AWS S3 Connection in druid

3.4k Views Asked by At

I have set up a clustered Druid with the configuration as mentioned in the Druid documentation

https://druid.apache.org/docs/latest/tutorials/cluster.html

I am using AWS S3 for deep storage. Following is the snippet of my common configuration file

druid.extensions.loadList=["druid-datasketches", "mysql-metadata-storage", "druid-s3-extensions", "druid-orc-extensions", "druid-lookups-cached-global"]
# For S3:
druid.storage.type=s3
druid.storage.bucket=bucket-name
druid.storage.baseKey=druid/segments
#druid.storage.disableAcl=true
druid.storage.sse.type=s3
#druid.s3.accessKey=...
#druid.s3.secretKey=...

# For S3:
druid.indexer.logs.type=s3
druid.indexer.logs.s3Bucket=bucket-name
druid.indexer.logs.s3Prefix=druid/stage/indexing-logs

While running any ingestion task I am getting Access denied error

Java.io.IOException: com.amazonaws.services.s3.model.AmazonS3Exception: Access Denied (Service: Amazon S3; Status Code: 403; Error Code: AccessDenied; Request ID: ; S3 Extended Request ID: ), S3 Extended Request ID: 
    at org.apache.druid.storage.s3.S3DataSegmentPusher.push(S3DataSegmentPusher.java:103) ~[?:?]
    at org.apache.druid.segment.realtime.appenderator.AppenderatorImpl.lambda$mergeAndPush$4(AppenderatorImpl.java:791) ~[druid-server-0.19.0.jar:0.19.0]
    at org.apache.druid.java.util.common.RetryUtils.retry(RetryUtils.java:87) ~[druid-core-0.19.0.jar:0.19.0]
    at org.apache.druid.java.util.common.RetryUtils.retry(RetryUtils.java:115) ~[druid-core-0.19.0.jar:0.19.0]
    at org.apache.druid.java.util.common.RetryUtils.retry(RetryUtils.java:105) ~[druid-core-0.19.0.jar:0.19.0]

I am using s3 for two purposes

  1. read data from s3 and ingest it.
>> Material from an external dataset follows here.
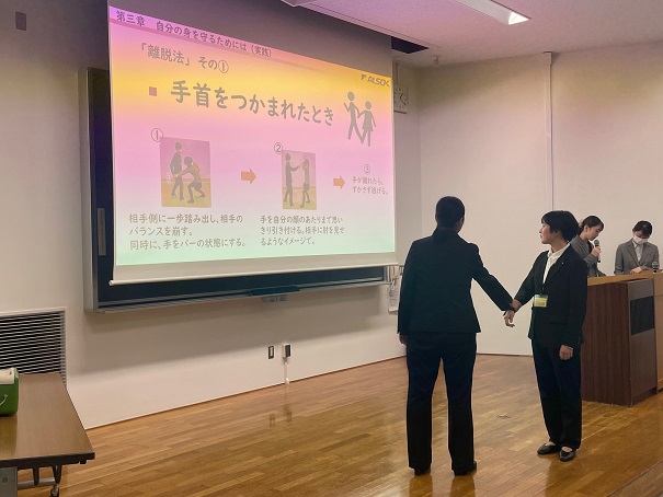 イベント週間は、ALSOK(綜合警備保障株式会社)による若い女性向けの防犯セミナーから始まりました。講演者によって、女子学生が安全な生活を促進し、特に留守中の潜在的なリスクを回避するための、豊富な実践的アドバイスを提供されました。セミナーの最後には、全ての出席者にとって有益な、護身術のデモンストレーションが行われました。

This connection is working fine and data is being from s3 location
  2. for deep storage. I am getting error over here.

I am using Profile information authentication method to provide s3 credential. So I already have configured aws cli with appropriate credentials. Also, s3 data is encrypted by AES256 so i have added druid.storage.sse.type=s3 in config file.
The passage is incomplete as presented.